[Dataset items]

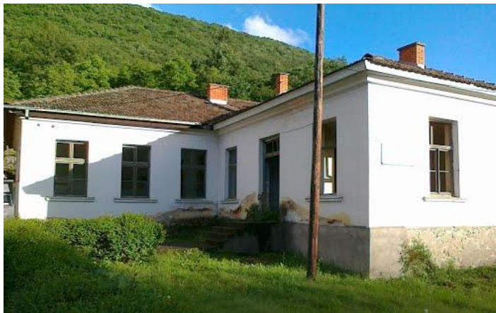
Слика 55. Училиштето во Доленци

Селото има поделско-шумска функција, а тоа значи дека населението се занимавало со обработка и продажба на дрво и сеење на житни растенија и садење зеленчук. Во Доленциу имало училиште уште од 1914, а подобро организирана настава по Првата светска војна. До пред некоја година во селото работело училиште до IV одделение.
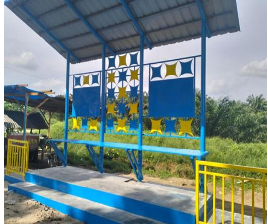
Gambar III. 4 Pembangunan Halte dan Portal
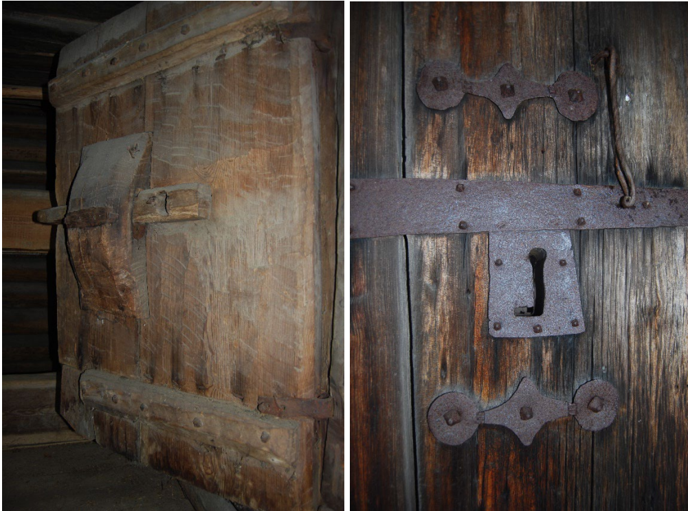
Figur 1-2. Bräddörren har bearbetats med sprättäljning, och detaljer såsom järnbleck och spik är typiska för medeltiden.
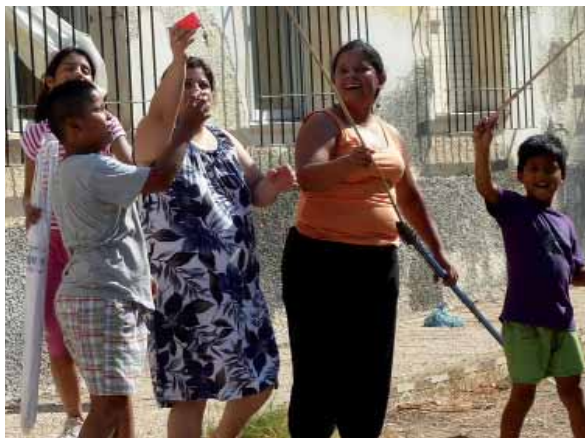
Actividades en Isla Plana

- Taller de cocina. Una vez al mes, una familia propone un plato y, en colaboración con el resto de participantes, se realiza la receta elegida.
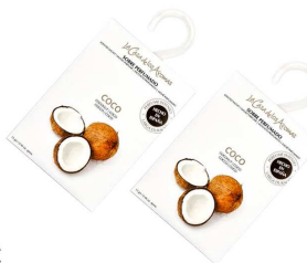
AMBIENTADOR SAQUETAS COCO 056193
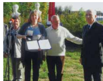
Srebrno plaketo republiške zveze za vrednote NOB, je prejela osnovna šola Dragomelj.
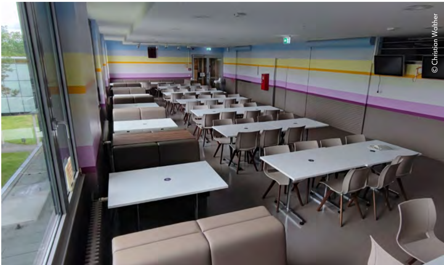
Ein normaler Tag im Semester: ob morgens, ob mittags - der Backshop steht offen, der Backshop steht leer.

Die Diagnose ist in Zeiten von Inflation aktueller denn je. 2021 errechnete das Statistische Bundesamt, dass knapp 40 Prozent der Studierenden armutsgefährdet seien. Die Schließung der Backshops bedeutet für eben diese Studierende, in ihrer Pause keinen Zugang zu einer günstigen vollwertigen Mahlzeit zu haben.
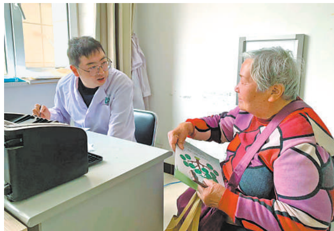
银川市第三人民医院医生在文化街社区卫生服务中心坐诊。

家门口的社区医院能看啥病,在社区医院看病有哪些便利和优势,能否满足社区居民的基本医疗服务需求,记者对此进行采访。
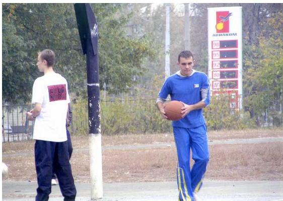
Фото 18. Школьный стадион киевской общеобразовательной школы № 126 «обогатился» автозаправочным комплексом. «Вытеснение» детей началось. (Киев, 2005).
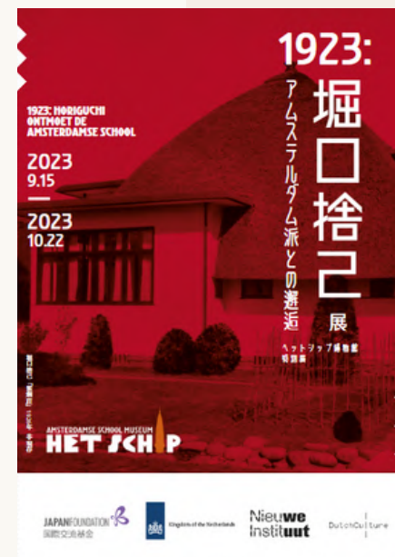
< Beeld: Naar het Japans vertaalde key visual voor de tentoonstelling door Museum Het Schip (vertaling Masaru Saito)

**EXERCISE REQUIREMENTS**: What is needed is a word-for-word copy of the lines from the start of the data to the line with "Gambar III. 4 Pembangunan Halte dan Portal", inclusive, with no pictures in it.

**EXERCISE ANSWER**:
Слика 55. Училиштето во Доленци

Селото има поделско-шумска функција, а тоа значи дека населението се занимавало со обработка и продажба на дрво и сеење на житни растенија и садење зеленчук. Во Доленциу имало училиште уште од 1914, а подобро организирана настава по Првата светска војна. До пред некоја година во селото работело училиште до IV одделение.
Gambar III. 4 Pembangunan Halte dan Portal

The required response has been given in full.